Sat, Jun 27 · 11:00 AM CDT
Description
Standard C++ provides std::async for launching asynchronous tasks, but its use in building complex parallel applications is severely limited by the lack of native support for task dependencies. In practice, many real-world parallel applications, such as those in scientific computing, data processing, gaming, trading, and electronic design automation, rely on tasks that depend on the completion of others. Without an explicit way to express these task dependencies, developers are often forced to manage synchronization manually or rely on custom partitioning, which introduces unnecessary complexity and hampers performance.

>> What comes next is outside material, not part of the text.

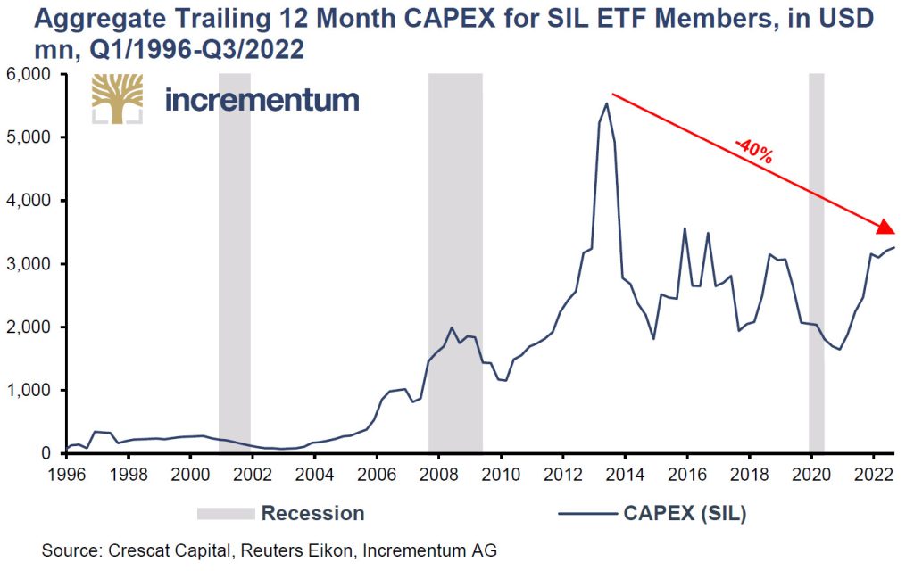 Voici ce qu’expliquent S&V : « comme pour la majorité des matières premières au cours de la dernière décennie, le manque de dépenses d’investissement [capital expenditures, CAPEX] est le coupable de l’inadéquation entre l’offre et la demande dans laquelle se trouve aujourd’hui le marché de l’argent. En 2013, les dépenses d’investissement des membres de l’ETF SIL ont culminé à 5 540 millions $, pour tomber à 1 648 millions $ en 2020 alors que le cours de l’argent plongeait à son niveau le plus bas de la décennie, à 16,55 $ en mars 2020, n’incitant pas les investisseurs à investir dans la production de nouvelles mines », relèvent S&V.

To overcome this challenge, this talk introduces a modern C++ programming model called AsyncTask, designed to support dynamic asynchronous tasking with dependencies. Unlike traditional construct-and-run models, AsyncTask enables developers to create and schedule tasks on-the-fly during execution, while explicitly specifying dependencies to ensure correct synchronization. This flexibility makes AsyncTask well-suited for parallelizing complex algorithms such as branch-and-bound search, adaptive pruning, and recursive decomposition, where the task graph evolves dynamically at runtime. To support the model with high performance, we introduce a work-stealing algorithm optimized for low latency, high throughput, and energy efficiency. The algorithm leverages C++20’s atomic_wait to significantly reduce synchronization overhead and improve scheduling efficiency. We believe that many of the design principles behind AsyncTask can inspire enhancements in future high-performance C++ tasking libraries by rethinking how we express dynamic task parallelism and dependencies through simpler and more flexible interfaces.
About the Presenter
Dr. Huang is an Associate Professor in ECE at the University of Wisconsin-Madison (UW-Madison), with an affiliate appointment in CS. Previously, he was an Assistant Professor at UW-Madison (2023–2025) and University of Utah (2019–2023). He earned his PhD in ECE from UIUC and BS/MS in CS from Taiwan’s NCKU. His research focuses on building software systems for performance-critical applications, including CAD, machine learning, and quantum computing. His tools, such as Taskflow and OpenTimer, are widely used in industry and academia.